Namun, mekanisme ketahanan dengan peningkatan akumulasi prolin yang dilakukan kedua tanaman tersebut tentunya terbatas sehingga pada akhirnya kedua
tanaman tersebut dipanen lebih awal. Sebaliknya tanaman legum Stylosanthes seabrana dan rumput Ischaemum timuriensis memberikan kadar prolin terendah
pada pengamatan hari ke-32 yang menunjukkan kedua tanaman tersebut belum mengalami cekaman kekeringan atau dapat dikatakan toleransi tanaman
Stylosanthes seabrana dan Ischaemum timuriensis terhadap ketersediaan air tanah yang rendah lebih baik dibandingkan tanaman lain dan juga kemungkinan prolin
bukan merupakan mekanisme ketahanan terhadap kekeringan dari kedua tanaman tersebut.
Menurut Levitt 1980 potensial osmotik disebabkan oleh dua hal yaitu akibat menurunnya kadar air pada sel karena terjadi kehilangan air dan karena
adanya tambahan akumulasi senyawa terlarut sehingga lebih menurunkan potensial osmotik.

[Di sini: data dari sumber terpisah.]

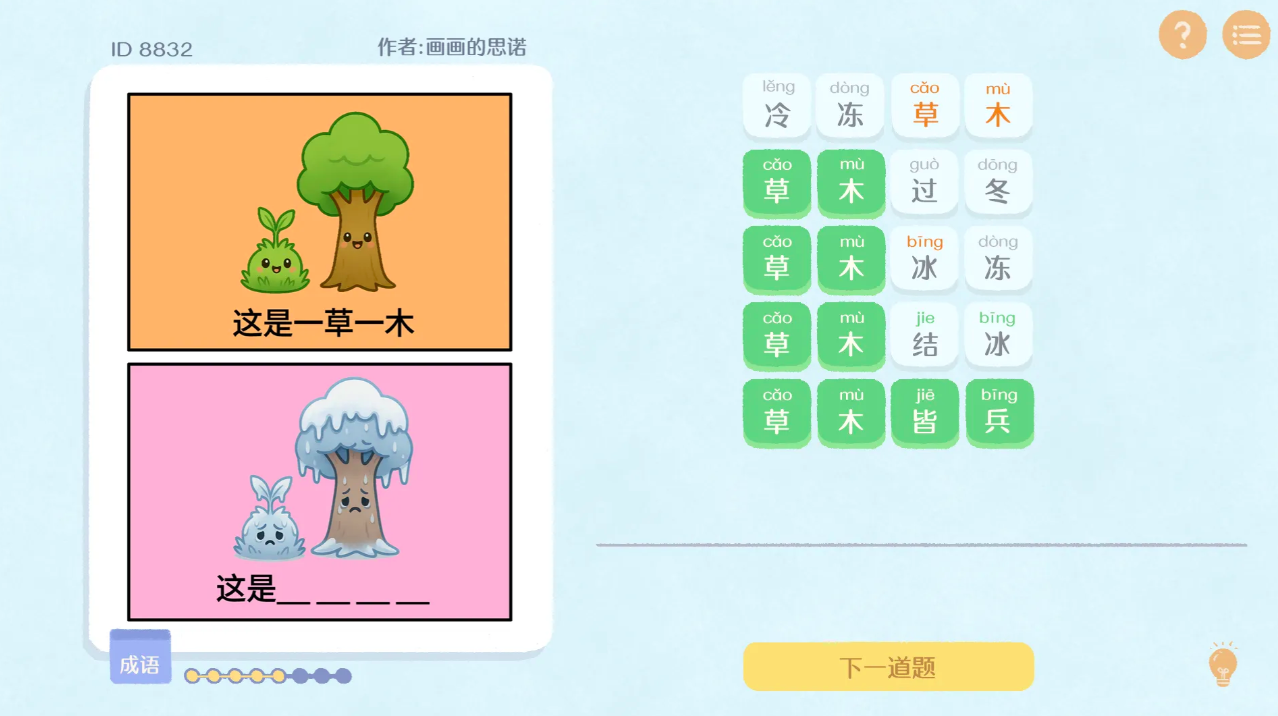 当前游戏仍处于测试阶段,参与内测的用户普遍反馈其呈现出一种“荒诞中见逻辑、冷峻里藏温度”的独特气质。这种风格源自大量原创谐音梗设计:每道关卡均以图像为引子,通过语音同音、字形联想或语义错位等方式,引导玩家拼合出标准四字成语。操作界面极简,无需教学即可上手;解题过程常令人抓耳挠腮,而揭晓答案那一刻——比如用“鸡飞蛋打”谐音演绎“机非但打”,又或借“马到成功”转译“码到成攻”——往往带来猝不及防的脑内震颤与会心一笑。这种短时高频的情绪释放,构成了极具辨识度的解压节奏。

Peranan FMA dalam kondisi cekaman kekeringan terlihat jelas untuk kedua kelompok rumput dan legum. Tanaman yang diberi FMA mengakumulasi prolin
lebih sedikit dibandingkan tanpa FMA dalam kondisi kekeringan. Tahannya tanaman yang berFMA terhadap kondisi kekurangan air disebabkan karena hifa
eksternalnya yang dapat meningkatkan total daerah perakaran dari sistem perakaran tanaman dan meningkatkan volume tanah yang dieskploitasi oleh air,
ini menyebabkan lebih banyak air yang tersedia bagi tananam inang. Penetrasi hifa pada korteks akar sampai pada bagian endodermis, sehingga memberikan alur
kecil bagi pergerakan air di dalam akar. Total gula terlarut seperti yang dijelaskan oleh Salisbury dan Ross 1992
adalah perimbangan sintesis gula dan pati dalam kondisi cekaman kekeringan. Pada kondisi kekurangan air, atau transpirasi rendah, karbohidrat lebih banyak
dalam bentuk gula daripada pati. Pengamatan terhadap total gula terlarut tanaman rumput memberikan pola yang sama dengan akumulasi prolin. Tanaman CG pada
perlakuan W1M0 Tabel 10 dengan akumulasi prolin tertinggi menghasilkan kadar total gula terlarut tertinggi pula. Sejalan dengan rataan total akumulasi
prolin tanaman Ischaemum timuriensis dengan nilai terendah memiliki rataan total gula terlarut yang terendah pula. Perlakuan cekaman kekeringan W1 terhadap
tanaman Ischaemum timuriensis ternyata meningkatkan total gula terlarut lebih tinggi dibandingkan perlakuan disiram Tabel 11 namun kadar prolin tidak
berbeda antara perlakuan disiram dengan dikeringkan, hal ini berarti tanaman Ischaemum timuriensis menunjukkan mekanisme ketahanan terhadap kekeringan
dengan meningkatkan total gula terlarut bukan dengan produksi prolin. Tanaman Stylosanthes hamata dengan akumulasi prolin tertinggi tidak
menunjukkan total gula terlarut yang tertinggi pula, begitu pula sebaliknya tanaman Clitoria ternatea dengan total gula terlarut tertinggi tidak
mengakumulasi prolin yang lebih besar lagi. Hal ini menunjukkan adalanya mekanisme khusus yang dimunculkan oleh masing-masing tanaman sesuai
kemampuan genetiknya merespon lingkungan sekitar. Kemungkinan terjadi mekanisme fisiologis lainnya yang menentukan tanaman untuk memproduksi
suatu zat yang sesuai dengan kebutuhan hidupnya. Metode skoring yang dilakukan pada penelitian ini sudah sering digunakan
untuk melakukan pemilihan suatu objek perlakuan atau jenis yang paling baik. Hasil skoring diperoleh tanaman Paspalum notatum dan Stylosanthes seabrana
adalah jenis rumput dan legum paling baik yang toleran terhadap cekaman kekeringan.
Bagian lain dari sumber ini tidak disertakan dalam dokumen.